Pittsburgh, Houston, Tampa Bay Link on Three-Team Trade

Patrick Gorski-Imagn Images

The Pirates, Rays, and Astros came together on a three-team trade on Friday. In the move, Pittsburgh acquired Brandon Lowe, Jake Mangum, and Mason Montgomery from Tampa Bay. The Bucs sent Mike Burrows to Houston, who in turn dealt Jacob Melton and Anderson Brito to the Rays. Multi-teamers are always complicated, and I find it most helpful to break these down team by team.

Pittsburgh Pirates

Acquires: 2B Brandon Lowe, OF Jake Mangum, LHP Mason Montgomery

Loses: RHP Mike Burrows

The motivation for the Pirates here is obvious, as they entered the offseason with a dire need to convert their pitching surplus into a few bats. The Pirates scored 583 runs this past season, the fewest in baseball, and only Colorado saved their collective 82 wRC+ from bringing up the rear in that category, as well. At the same time, the team’s pitching development pipeline is humming. Paul Skenes is the best pitcher in the NL, and Mitch Keller is a solid mid-rotation starter behind him.

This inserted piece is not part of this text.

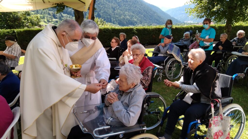 Tra segnali concreti di ritrovata speranza, prosegue da parte dell’arcivescovo Lauro il significativo viaggio nelle Case di riposo del Trentino. Ultime in ordine di tempo: la RSA “S. Vigilio” di Spiazzo Rendena (6 agosto, a cui si riferiscono la immagini), la RSA “S. Gaetano di Predazzo e la “Giovanelli” di Tesero (7 agosto). Prossima tappa martedì 10 agosto alla Casa di riposo “Laner” di Folgaria, anche in occasione del patrono San Lorenzo. Ad ogni tappa, parole di consolazione ma soprattutto di ringraziamento dell’Arcivescovo di fronte alla “resilienza” di tanti anziani, dei loro familiari e degli operatori delle strutture.

From there, the Pirates have plenty of rotation candidates. Burrows, Braxton Ashcraft, Carmen Mlodzinski, Thomas Harrington, and Bubba Chandler all started games this year. Another potential starter, Hunter Barco, clambered ashore from the banks of the Allegheny late this season, and Jared Jones will presumably return from Tommy John surgery in 2026 and be in the mix, too. It’s enviable depth and ripe for a resource exchange. Pittsburgh started that process earlier this winter, flipping Johan Oviedo to the Red Sox for outfielder Jhostynxon Garcia, and really kicked things into gear with this move.

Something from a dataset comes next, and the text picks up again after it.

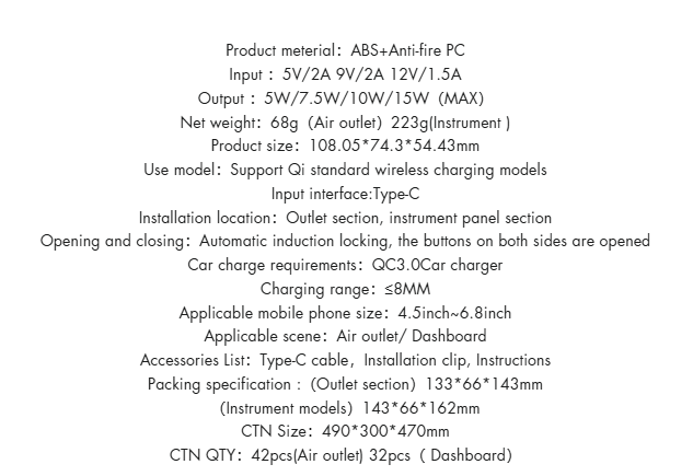 هنگام قرارگیری موبایل در هولدر، تلفن شما به طور خودکار توسط شارژر تلفن اتومبیل ZS219 گیره می شود. پس از اتصال به کابل؛ فرآیند شارژ خودکار و شارژ هوشمند و بهینه شروع می شود و ارائه شارژ سریع و متناسب با جریان مورد نیاز گوشی میسر می گردد. پایه نگهدارنده و شارژ وایرلس جوی روم Joyroom Wireless Charging Car Holder JR-ZS219 دارای گواهینامه استاندارد Qi از اتحادیه بین المللی شارژ بیسیم (International Wireless Charging Alliance) بوده که یک رابط استاندارد توسعه یافته توسط کنسرسیوم شارژ بیسیم برای انتقال قدرت الکتریکی القایی است. در هنگام روشن شدن ماشین و در بازه زمانی 0.1 ثانیه؛ در فاصله کمتر از 8 میلیمتر بدون نیاز به جداسازی کاور گوشی؛ شارژ گوشی شروع می شود. بدین معنی که شارژر بی سیم از گوشی هایی در سایز از 4.5 تا 6.8 اینچی سازگار بوده که دارای قاب هستن نیز پشتیبانی می کند. لطفاً توجه داشته باشید این قاب نهایتا تا 5 میلی متر باید باشد و موارد ساخته شده از فلز مانند آهن ربا ، کارت های اعتباری و… در عملکرد بهینه ی شارژ دخالت می کنند.

Lowe is the biggest name in the deal. The second baseman is an eight-year veteran who made his second All-Star team in 2025, when he bashed 31 homers and notched a 114 wRC+. Tempting as it is to link that power surge to his diminutive home park — the Rays played at George Steinbrenner Field, where the right field pole is just 314 feet from the plate — Lowe actually hit much better on the road: .275/.337/.500, compared to 240/.279/.456 in Tampa. His pull-side power suits his new digs: Twenty-eight of Lowe’s 31 dingers went to the right side of the field, and PNC Park’s otherwise cavernous dimensions offer a bargain to sluggers looking to drive the ball out to right field.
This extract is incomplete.